Vectorization in machine learning is crucial for a number of reasons:

  • Efficiency : Due to the fact that they make use of the parallel processing capability of contemporary CPUs and GPUs, vectorized operations are often performed significantly quicker than their non-vectorized equivalents. This can lead to significant speed-ups in training and inference.
  • Memory : Vectorized operations can also reduce memory usage, as they avoid the need to store and process large amounts of data in a non-numerical format. This can be crucial for large-scale machine-learning jobs that need to handle lots of data.
  • Simplicity : Vectorization can also simplify the code and make it more readable.

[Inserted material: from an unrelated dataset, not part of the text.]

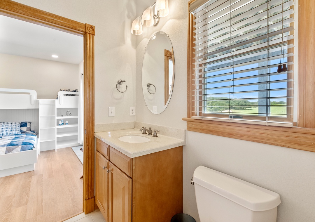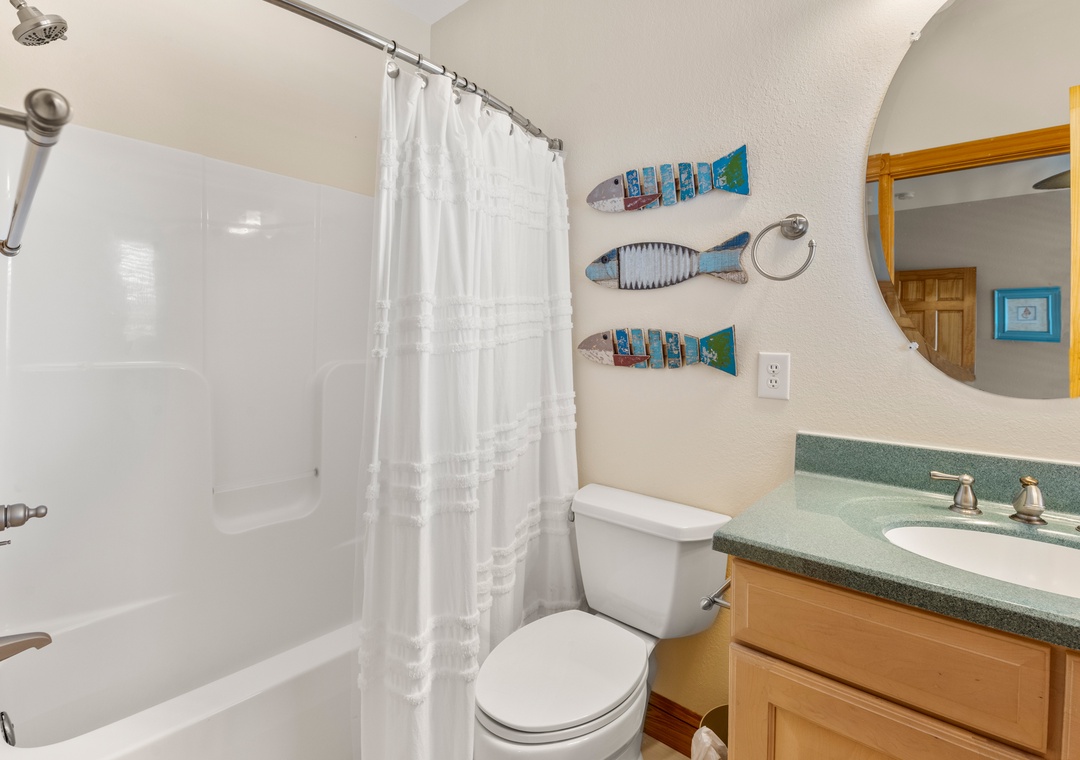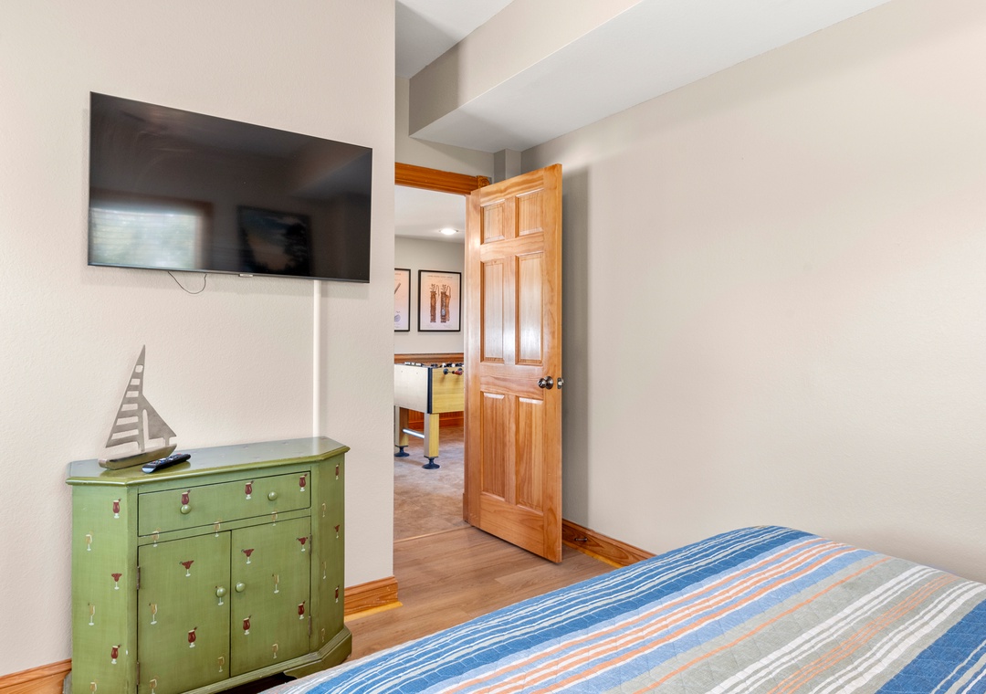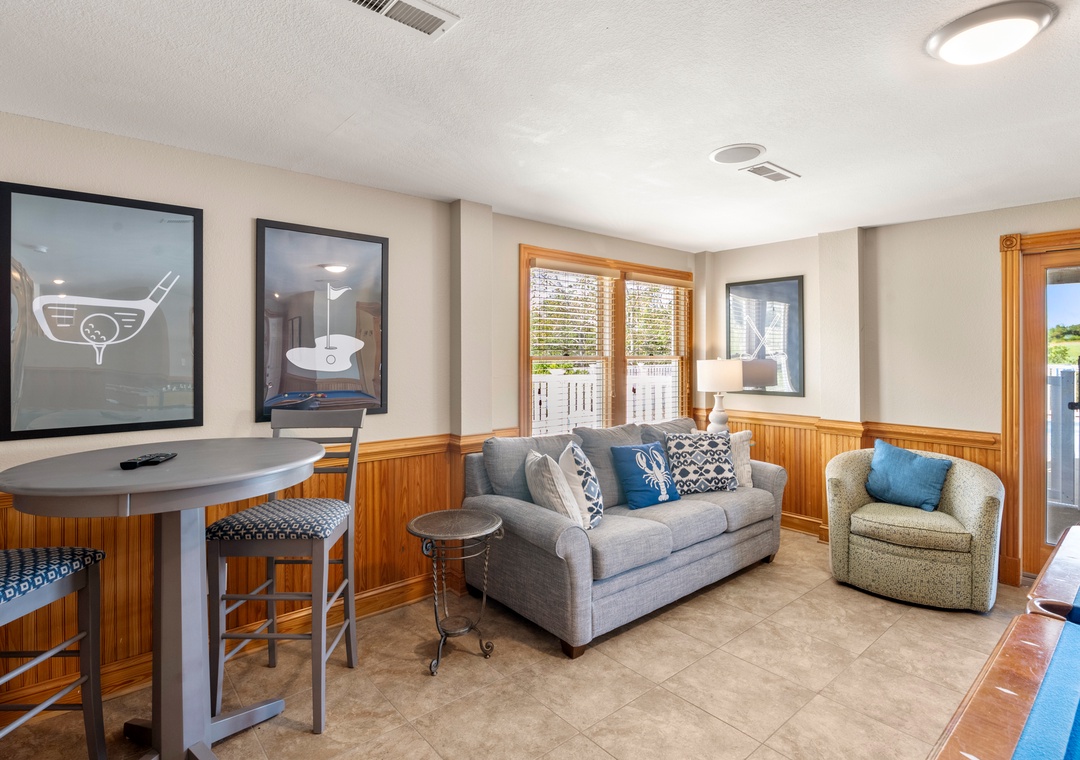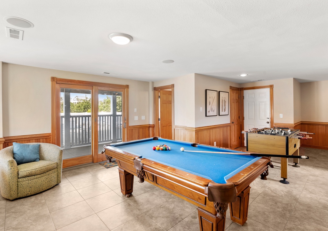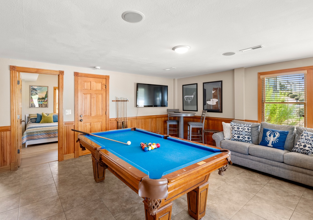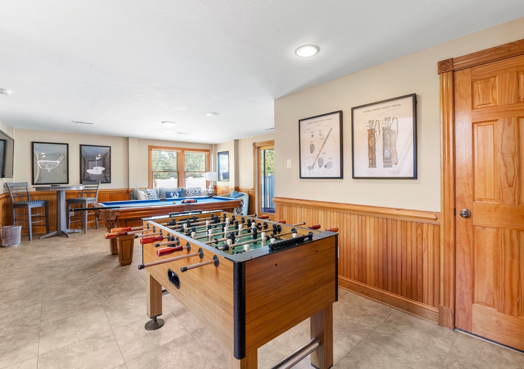 Four more bedrooms are located on the mid-level, two of which are additional ensuites, along with a second deck overlooking the fairway and pool. Downstairs, you'll find the sixth bedroom plus a large rec space that will be everyone's favorite room of the house. Challenge family and friends to a game of pool or a round of foosball. A ping pong table and pop-a-shot basketball game in the garage provide even more options for indoor entertainment. A pull-out sofa provides alternative options for sleeping arrangements if needed. The rec room leads directly to the backyard with a large private pool and hot tub for soaking away the day.

It eliminates the need for explicit loops, making the code shorter and more intuitive.
  • Compatibility : Some machine learning libraries, such as Tensorflow, Pytorch, etc., only support numerical data types. Vectorization ensures that the data is in a format that is compatible with these libraries.

Now, we will perform vectorization that will help accelerate mathematical operations for future uses.

Code

Importing Module

import numpy as np
import time

Creating Data

np.random.seed(1) # The outcome is consistent each time you use the other random function in Numpy.


# Now, let's build a few tiny arrays to show the differences.
small_x = np.random.rand(10000)  
small_y = np.random.rand(10000)
# To show the difference, let's now construct enormous arrays.
large_x = np.random.rand(100000000)  
large_y = np.random.rand(100000000)

Defining Dot Function

def my_dot_(x, y):
    total_ = 0
    for i in range(x.shape[0]):
        total_ = total_ + x[i] * y[i]
    return total_

Comparing Small Difference

time_start = time.time() # Capturing Starting Time
np.dot(small_x, small_y)
time_end= time.time() # Capturing Ending Time
print(f"Vectorized version duration: {1000*(time_end-time_start):.2f} ms ")


time_start = time.time() # Capturing Starting Time
my_dot_(small_x, small_y)
time_end = time.time() # Capturing Ending Time
print(f"Non-Vectorized version duration: {1000*(time_end-time_start):.2f} ms ")

Output:

Vectorization in Machine Learning

Comparing Large Difference

time_start = time.time() # Capture Starting Time
np.dot(large_x, large_y)
time_end = time.time() #  Capture Ending Time
print(f"Vectorized version duration: {1000*(time_end-time_start):.2f} ms ")


time_start = time.time() # Capturing Starting Time
my_dot_(large_x, large_y)
end_time = time.time() # Capturing  Ending Time
print(f"Non-Vectorized version duration: {1000*(time_end-time_start):.2f} ms ")

Output:

Vectorization in Machine Learning

Vectorization provides a large speed-up in computation because libraries like NumPy take advantage of data parallelism.

This is critical in Machine Learning, where the datasets are often very large.

In summary, vectorization is a crucial technique in machine learning that involves converting data and algorithms into vectors. This allows machine learning algorithms to operate more quickly and efficiently, particularly when working with large datasets. With the help of libraries like NumPy, vectorization has become a very easy and efficient process in machine learning.